Do not pay for a Ph.D. Especially do not pay for a Ph.D or MA in the humanities. Any program that’s worthwhile and wants you will provide full tuition and assistantship. Not offering you a full ride plus stipend, just means the program doesn’t really want you but is happy to take your money if they can get away with it.
Professional programs with a clear non-academic career path, e.g. law and medicine, are a different story.

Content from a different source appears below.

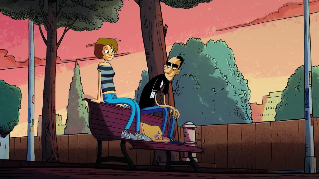 Presentata alla Festa del cinema della sua Roma, rilasciata come di consueto tutto insieme il 17 novembre sul canale streaming Netflix, la serie di Michele Rech è già nella storia dello spettacolo italiano, destinata a diventare un classico perché individua ansie, frustrazioni, disillusioni non di una, ma di due generazioni, quella degli anni ‘70 e quella degli anni ‘80, ma lo fa con rispetto e tenerezza, regalando al pubblico un’esperienza sensoriale completa, come l’ha definita il suo autore, che cura anche la colonna sonora scegliendo pezzi coerenti col testo – immagini e sceneggiatura- che ne intensificano il gusto. Pezzi anni ‘80, sigla affidata a Giancane (che aveva già scritto Ipocondria per la serie sulla quarantena, Rebibbia quarantine), brani pop degli anni Ottanta e Novanta, da Ron al rap francese a Tiziano Ferro passando per gli M83. “Spettatore veterano”, appassionato a sua volta di serie tv e cinema, Rech replica la linea compositiva orizzontale della Profezia dell’armadillo, ora come allora inserendovi i singoli episodi, e lo fa con grande consapevolezza e cura: dei disegni, precisi fin nei minimi dettagli, della regia, della storia. Il messaggio è che siamo leggeri, troppo, che continuiamo a fare e farci del male, e lo facciamo con quel sarcasmo che in linea teorica dovrebbe renderci la nostra inadeguatezza più accettabile, ma con un residuo di amarezza che non passa. Frasi che sono già antologia, “master in pippe mentali” e atavico, inutile senso di colpa, dibattito gender, G8, psicanalisi e linguaggi inclusivi, filosofia greca, tutto condensato in puntate brevi, concentrati di una filosofia morale e di una Weltanschauung frammentaria ma evidente: abbiamo la possibilità, nel brevissimo arco di tempo che la Moira ci concede, di vivere secondo i bordi che sono stati tratteggiati dalle convenzioni e dai dettami della società borghese, o scegliere lo sguardo laterale sulle cose che ci permetterà di disegnarci da soli la silhouette ideologica, etica, affettiva più autentica, ancorché precaria, possibile.

The correct response to Hamming’s question is “Because I have a comparative advantage in working on the problem I am working on”. There are many, many important problems in the world of greater and lesser degrees of importance. There are many, many people working on them, even within one field. It does not make sense for everyone to attack the same most important problem, if indeed such a single problem could even be identified. There is a point of diminishing returns. 100 chemists working on the most important problem in chemistry are not going to advance chemistry as much as 10 chemists working on the most important problem, and 90 working on a variety of other, lesser problems.
This point was first made to me by Richard Stallman who told me quite clearly that free software was not the most important problem in the world—I think he cited overpopulation as an example of a more serious problem—but software freedom was the problem he was uniquely well situated to address.
There are seven billion people in the world. I know of no problem that actually needs 7 billion minds to solve it. We are pretty much all well advised to find the biggest problem we have a comparative advantage at, and work on solving that problem. We don’t all have to, indeed we shouldn’t, all work on the same thing.